# Introduction 
K-Nearest Neighbour (KNN) can be used for solving classification as well as regression problems. However , it is more widely used in classification problems in industry.
 
In this notebook , we are going to create KNN algorithm from scratch and use it to solve IRIS dataset. Further we will compare our results with KNeighborsClassifier of sklearn.

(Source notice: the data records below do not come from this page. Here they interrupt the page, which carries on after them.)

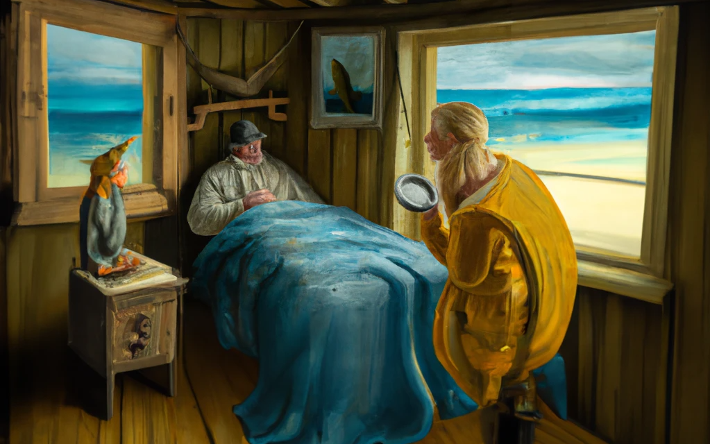 She raced back to the cabin, where Cid was waiting for her. He was awake, and smiled when he saw the fish. “You did it!” he said.
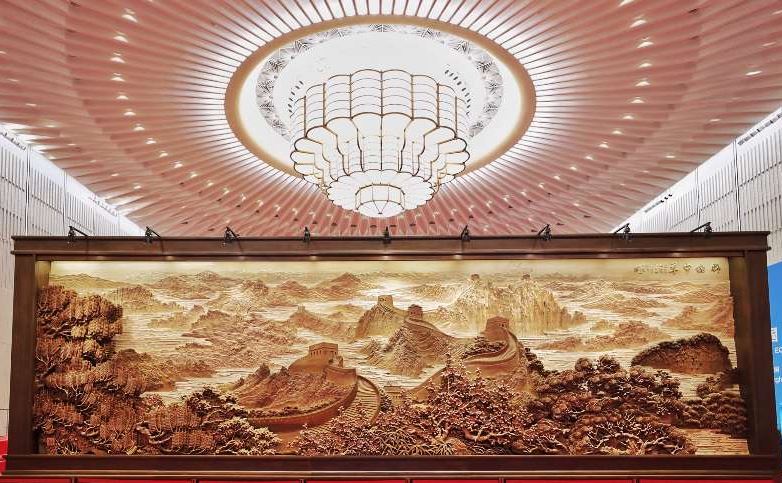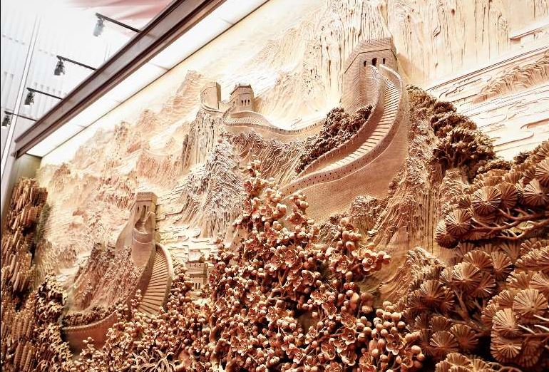 木雕作品《锦绣中华》与《玉兰飘香》互为背景
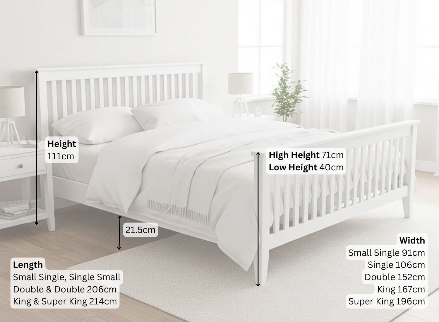 • Height to Top of Slats: (Single) 29.5 cm or (Small Double +) 31 cm
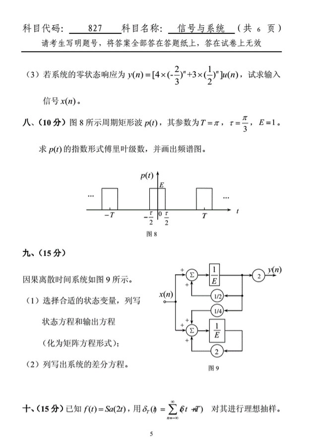 2011-2015年西北工业大学827信号与系统考研真题(10)
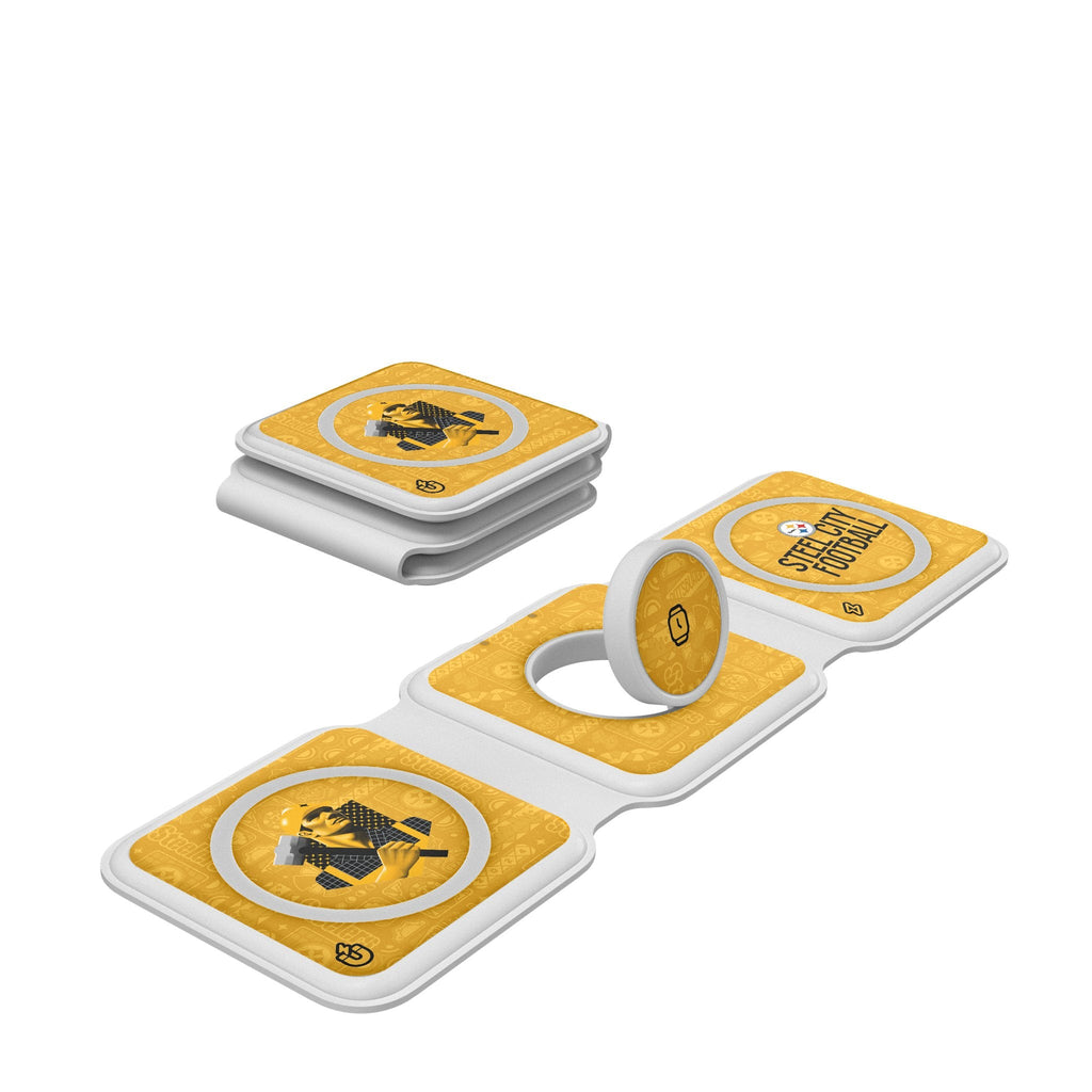 Eliminate cable clutter on your desk, night stand and travel with ease. The 3 in 1 folding charging station is small enough to fit in your pocket yet has room for all your mobile items with only one cord to plug in. Use this charging station to simultaneously charge your iPhone, airPods and Apple watch when pluggged in to a minimum 20 Watt wall charger.

We can implement KNN by following below steps:
* Load the data
* Initialize the value of k
* Iterate over all the test data points.
* for getting the predicted class, iterate from one to total no. of training data points
    1. Calculate the distance between test data and each row of training data. Here we will use Euclidean distance as our distance metric since it’s the most popular method. The other metrics that can be used are Manhatten,Chebyshev, cosine, etc.
    2. Sort the calculated distances in ascending order based on distance values.
    3. Get top k rows from the sorted array.
    4. Get the most frequent class of these rows.
    5. Return the predicted class.

# Implementation
You can dowload the iris dataset from [here](https://gist.githubusercontent.com/gurchetan1000/ec90a0a8004927e57c24b20a6f8c8d35/raw/fcd83b35021a4c1d7f1f1d5dc83c07c8ffc0d3e2/iris.csv)

In [None]:
#Importing libraries
import pandas as pd
import numpy as np
import math
import operator
import os
print(os.listdir("../input"))

# Any results you write to the current directory are saved as output.

In [None]:
# importing data
data=pd.read_csv('../input/Iris.csv',index_col='Id')
data.head()

In [None]:
data.shape

In [None]:
# Defining a function to calculate euclidean distance between two data points
def euclideanDistance(data1,data2,length):
    distance=0
    for x in range(length):
        distance+=np.square(data1[x]-data2[x])
    return np.sqrt(distance)

# Defining our KNN model
def knn(train,test,k):
    
    
    length=test.shape[1]
    result=[]
    # calculating euclideanDistance between each row of training data and test data
    for y in range(len(test)):
        distances={}
        sort={}
        for x in range(len(train)):
            dist=euclideanDistance(test.iloc[y],train.iloc[x],length)
            distances[x]=dist
           
        #sorting them on the basis of distance
        sorted_d=sorted(distances.items(),key=operator.itemgetter(1))
    
        neighbors=[]
    
        # Extracting top k neighbors
        for  x in range(k):
            neighbors.append(sorted_d[x][0])
        
        classvotes={}
    
        # calculate most frequent class in the neighbors
        for x in range(len(neighbors)):
            response=train.iloc[neighbors[x]][-1]
        
            if response in classvotes:
                classvotes[response]+=1
            else:
                classvotes[response]=1
         
        sortedvotes=sorted(classvotes.items(),key=operator.itemgetter(1),reverse=True)
        result.append(sortedvotes[0][0])
    return (result)

    

In [None]:
# creating a dummy test set
testset=[[7.2,3.6,5.1,2.5],[7.5,3.8,5.3,2.8]]
test=pd.DataFrame(testset)
# setting no. of neighbors
k=3
#Running our model
result=knn(data,test,k)
print(result)


# Comaring Our model with scikit-learn

In [None]:
from sklearn.neighbors import KNeighborsClassifier
neigh=KNeighborsClassifier(n_neighbors=3)
neigh.fit(data.iloc[:,0:4],data['Species'])

print(neigh.predict(test))

* Both models are predicting the same class. Hence our model is working correctly.